Der Umbau von der Industrie- zur Dienstleistungsgesellschaft öffnet neue Perspektiven: Aus Schachtanlagen werden Kulturzentren, aus gefluteten Tagebauen Naherholungsgebiete. UNESCO-Welterbestätten, wie die Zeche Zollverein, die Völklinger Hütte, das Bergwerk Rammelsberg bei Goslar, die Montanregion Erzgebirge, das Fagus-Werk Alfeld oder die Hamburger Speicherstadt sind Zeugnisse der Industriekultur.

Ausgefallene Design-Objekte

Junges Design „Made in Germany“ lebt von der Inspiration der lokalen Kultur. Zum Beispiel in Weimar, wo mehr als hundert Jahre nach Gründung des Bauhauses typische Motive der weltbekannten Designschule neu interpretiert werden. Oder in Berlin, wo Szeneläden Upcycling-Produkte ausstellen und verkaufen.

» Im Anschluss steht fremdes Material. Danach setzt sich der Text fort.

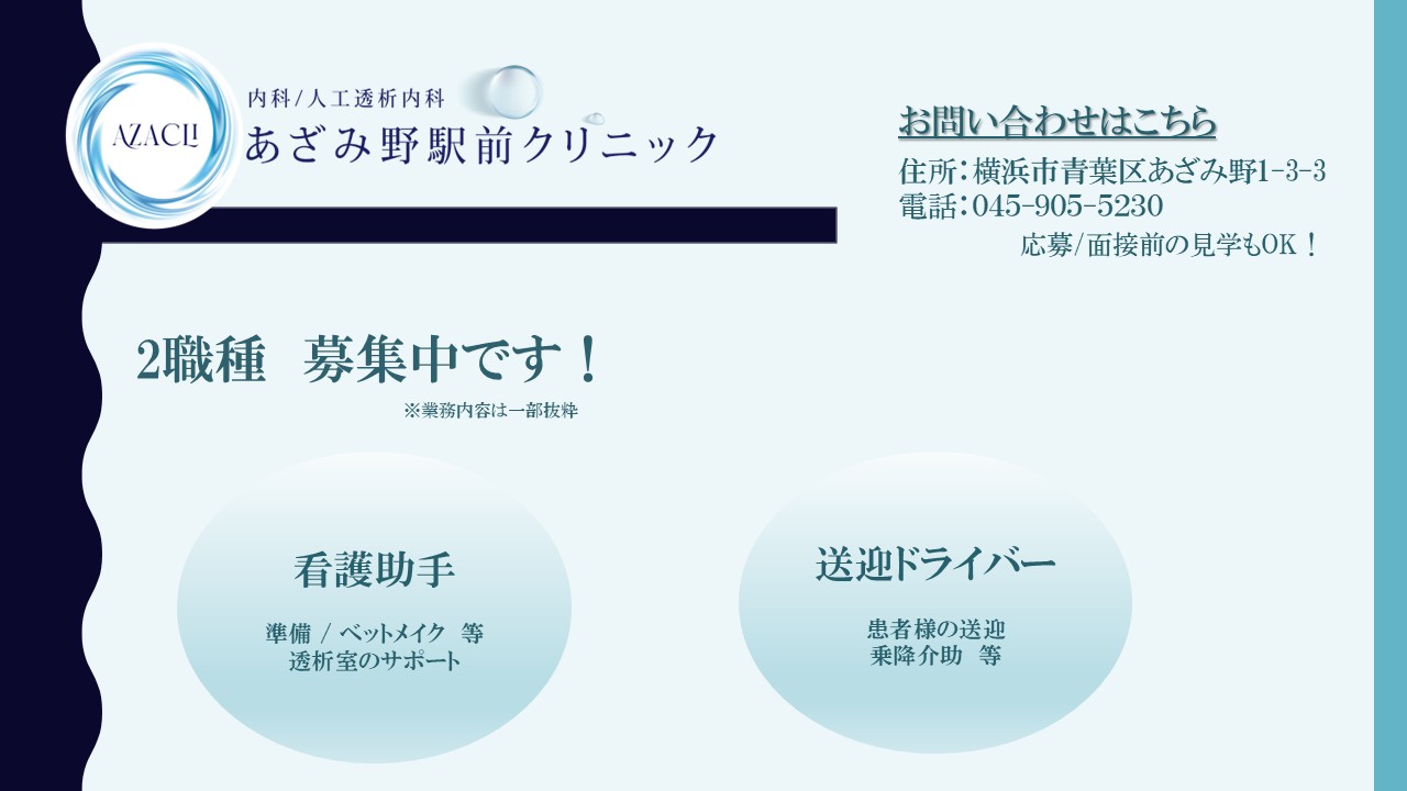 現在、あざみ野駅前クリニックでは下記2職種を募集しています!

Wer auf der Suche nach ungewöhnlichen und hübschen Dingen ist, wird auch auf der Design-Messe Stijl fündig, die in verschiedenen Städten stattfindet: Kreative bieten hier Kleidung, Schmuck und Accessoires an – meist in nachhaltig gefertigten Kleinserien.

Wo Brotbacken zur Kunst wird

Brot ist in Deutschland mehr als nur ein Lebensmittel: Die Tradition der deutschen Brotbackkunst mit ihren rund 3.200 Brotsorten ist Teil des immateriellen Kulturerbes der nationalen UNESCO-Kommission – und die deutsche Sprache kennt knapp fünfhundert Sprichwörter, in denen das Brot vorkommt.

Walsrode: Frau und Bäcker riechen an frisch gebackenem Brot (Foto: DZT, Julia Nimke)

Familienbetriebe in allen Regionen Deutschlands pflegen diese Tradition seit Generationen mit viel Liebe zum Handwerk sowie dem Bewusstsein für hochwertige Zutaten und den langsamen Entstehungsprozess. Dass deutsches Brot etwas für Feinschmecker ist, zeigt die Weiterbildung zum Brot-Sommelier, mit der seit einigen Jahren mehr und mehr Bäcker ihre Kenntnisse vertiefen.

Zum Kuckuck wo ist der Strandkorb?

Lust noch mehr Tradition in Deutschland hautnah zu erleben? Wie wär es zum Beispiel mit einem Abstecher in den Schwarzwald, wo Kuckucksuhr, ein Klassiker und Kultobjekt, Leben eingehaucht wird? Seit dem 17. Jahrhundert werden die Zeitmesser mit dem hölzernen Gehäuse in den ortsansässigen Uhrenmanufakturen hergestellt und gelten weltweit als Kultobjekt – typisch für deutsche Wertarbeit.

Auch der Strandkorb aus Mecklenburg – eine charmante Wohlfühloase am Meer – ist ein traditionelles Kultobjekt. Denn nichts schützt besser vor Sonne, Sand und Wind als der dekorative Klassiker aus Holz und Korb. Vor 125 Jahren wurde der Strandkorb in Mecklenburg-Vorpommern entwickelt und prägt seither die deutschen Küsten an Nord- und Ostsee.